Lastly we discussed resistance training to reduce injury risk.  Having strong muscles increases the stability of joints (strong quads help the knee joint) and decreases the likelihood of overcompensating for a weaker muscles (weak glutes cause the hamstrings to worker hard).  Many of the above listed exercises help improve strength for a decreased injury risk.

Speed Training Programming

Lastly, we discussed planning a training program.  Some points about rest and recovery were reiterated.  We also went over his training program and adjustments that could be made to make it more effective.

 

What Went Not so Well

Well marketing this was rough.  I was in Texas at a very intense part of the semester when I created all the curriculum.  I did a bit of social media promotion in which I got a lot of clicks and views on Facebook but I had barely any response on Instagram.  My main PR efforts came from emailing coaches.  I had sent over 18 emails to over 25 different coaches.  The best part of it was, not one emailed me back.  Not one.  I’m not too sure why.  Well in the end, I had a whopping, 1 kid.  So yeah I clearly didn’t get close to half my rent paid haha.  A coach who was going to help me out mentioned how May isn’t the best time of the year to put on events like this.  Sport seasons are ending and school is approaching finals.

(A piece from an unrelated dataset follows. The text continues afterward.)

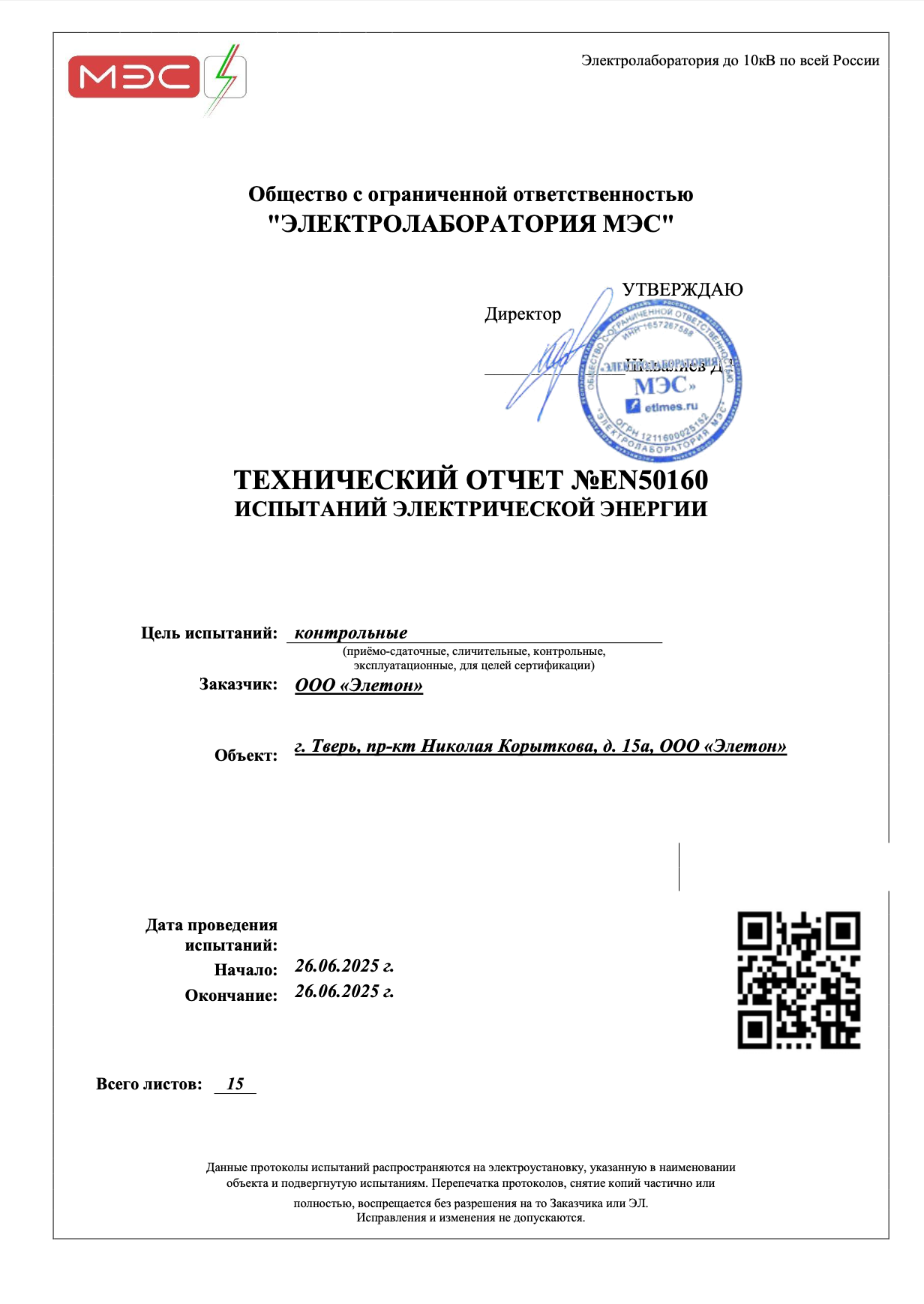 ООО "ЭЛЕКТРОЛАБОРАТОРИЯ МЭС"

What Went Well (so I think)

First of all, I’m happy I followed through fully with the idea.  I occurred to me, I asked a couple people for their opinions and then just got to work.  In working with the athlete I realized my eye for detail for precise movement was better than say a year ago.  Most importantly, I feel I explained a lot and did it well.  It was a good experience for the first time, it helped my confidence in being able to explain various concepts to an 18 year old.

 

Many tweaks need to be made in the marketing department for the next time I do this.  The athlete said he learned a fairly large amount of information about how to train his body for performance so I’m generally satisfied.  What are your thoughts?  Any recommendations?  Thanks for the support!